There's a few other minor changes in the code, but nothing that changes its fundamental strategy or structure.
Member
Registered: Jan 2012
Posts: 98
Great stuff, Admin. I've got that working nicely now using startOpen = true.

To anyone else who comes along here interested in a slider, my test page (see post #8) will have my latest working version for a little while yet. Eventually it will disappear though.

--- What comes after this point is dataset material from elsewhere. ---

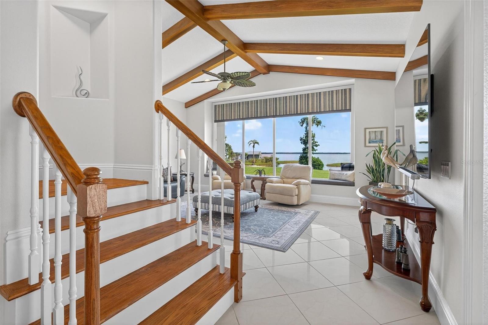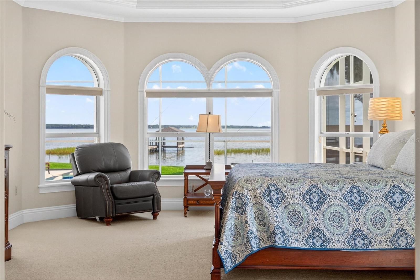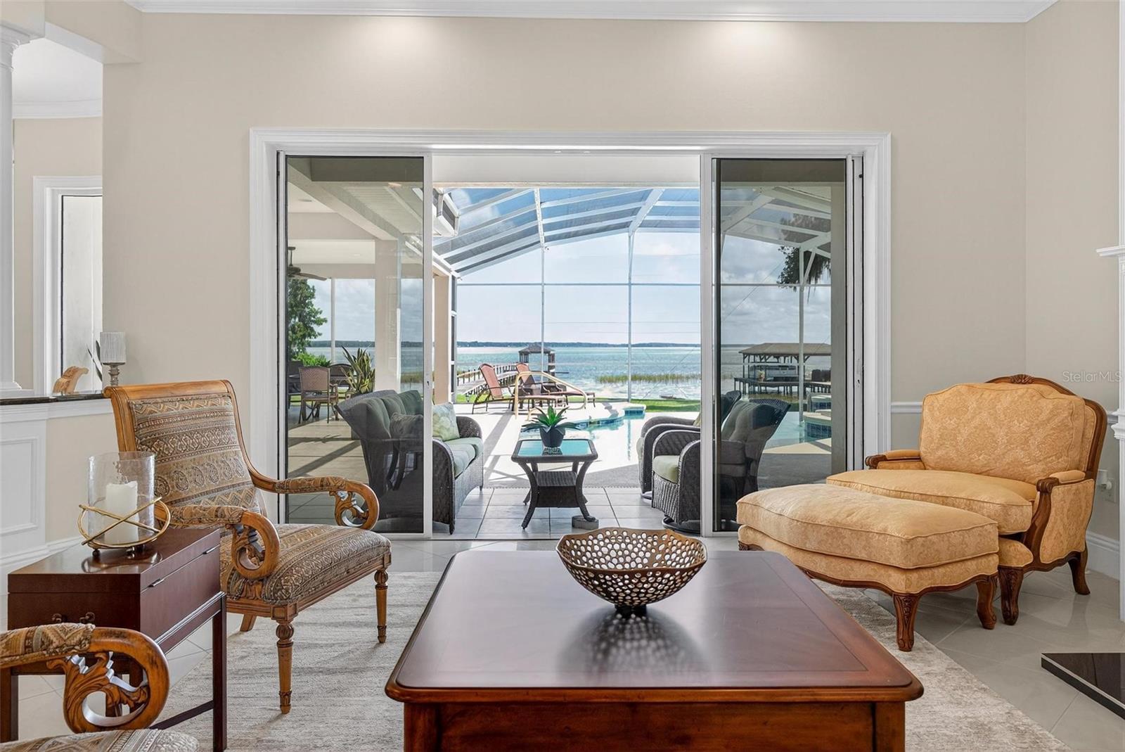 Luxury Lakefront Estate on Lake Harris. Offered to the discerning buyer seeking the optimum in waterfront living. This alluring custom estate nestled on 0.83 acres with 105 feet of unobstructed shoreline directly on the inviting waters of Lake Harristhe largest of the renowned Harris Chain of Lakes, which is the largest chain in Florida. Located in the desirable Lakes & Springs community, this private executive retreat offers 4,288 square feet of elegant, yet functional living space, featuring four oversized en-suite bedrooms (three on the main level), a private home office, and captivating panoramic views stretching over five miles of open water. The estate combines timeless craftsmanship and refined updates, including a new roof in 2024, as well as fresh interior and exterior paint. Inside, the residence boasts a gracious owners suite with sweeping lake views, dual walk-in closets, and a spa-style bathroom complete with a walk-in shower and dual vanities. The formal living room with a gas fireplace offers sophistication and warmth, while the chefs kitchen is appointed with high-end appliances, custom cabinetry, and expansive sightlines over the lake. Multiple living areas include a second family room with mitered glass sliding doors that open seamlessly to the pool and outdoor entertaining area. Upstairs, a fully equipped entertainment suite with kitchenette opens via French doors to a stunning 30-foot balcony offering unrivaled lake vistas. The outdoor living experience is equally exceptional, centered around a dramatic infinity-edge saltwater pool with a whirlpool spa, both heated and fully Wi-Fi controlled via smartphone. The expansive screened enclosure includes multiple seating and dining zones perfect for entertaining, all while savoring unobstructed views of the lake and direct access to your private boat dock. With daily sunrises and sunsets, along with rich birdlife and natural surroundings, the setting offers tranquility and spectacle in equal measure. Situated on a quiet cul-de-sac just minutes from the iconic Yalaha German Bakery & Beer Garden, and 10 minutes from Mission Inn Resorts world-class golf, spa, and dining, the home is also a short drive to Lakeridge Winery, The Villages, and charming Mount Dora. Downtown Orlando is just 45 minutes away, with convenient access to both Orlando International (MCO) and Sanford (SFB) airports within an hours drive. This home is a rare offeringone that blends privacy, elegance, and recreation in an idyllic lakefront setting. Whether you are seeking a peaceful escape, a grand seasonal retreat, or your forever home, 7303 Birds Nest Court delivers an unmatched comfortable and quality lifestyle. Come take a look!
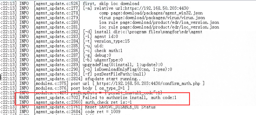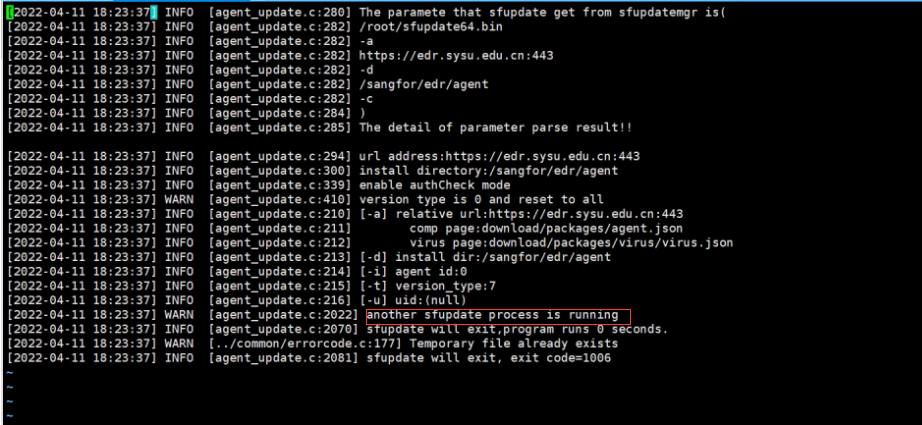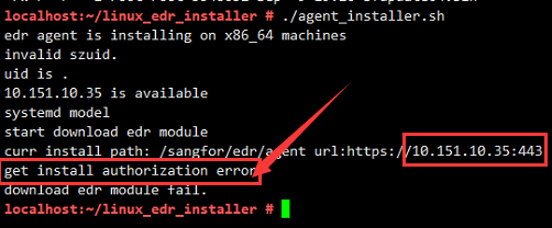 | ERR_ALREADY_INSTALL=1010 | Agent exists. | /etc/cron.d/edr_agent file exists |

Obviously I've made a few small tweaks to suit my application but slider.js remains largely faithful to post #11. In order to make it look as much like Google Maps as possible, I've tried to put a drop shadow and a tooltip on the button ('btn') but no success with either so far.
Administrator
Registered: Aug 2008
Posts: 3382
Google's got
box-shadow: 0px 1px 4px rgba(0,0,0,0.3);
on their button's style.

If you want to put that in fb.setStyle's object parameter, you have to use boxShadow, otherwise you're using an arithmetic operator where a property label should be.
« Last edit by admin on Thu Apr 21, 2016 4:44 pm. »
Member
Registered: Jan 2012
Posts: 98
I've got that shadow sorted now. I was putting in a floatbox shadowType instead of a CSS boxShadow.

I've still got nowhere with a tooltip. Putting a class:fbTooltip in the slider.resize so I thought I would just rely on the standard HTML display of a title. But putting title:'This is a title', in the fb.setStyle doesn't work either.
Administrator
Registered: Aug 2008
Posts: 3382
If attaching a tooltip, I would think you would want that on the little clicker button, not the entire slider block. You would put a 'fbTooltip' class and a 'data-fb-tooltip' attribute describing the tooltip onto the button element. The Floatbox API library functions can help accomplish this, or any other library you are familiar with and prefer to use (e.g., jQuery), or, of course, native javascript.

Maybe I'll include a tooltip in the demo page's example at the next Floatbox update. But let me reiterate, the slider example on the demo page is not intended to be a supported, universal, production-ready slider and is not part of what you get with the Floatbox software. It's just a demonstration example of customization and API usage. For a drop-in, ready-to-go, no-design-and-code-needed, supported slider, one is probably better off looking for a 3rd party package that offers that.

Also, I think browsers show the 'title' (or 'alt') attributes as system tooltips only for images.
Member
Registered: Jan 2012
Posts: 98
That's great. As a javascript virgin the letters API generally scare the bejeesus out of me, but I dug deeper into the API reference and managed to get it all working with the assistance of fb.addClass and fb.attr in the slider.js file.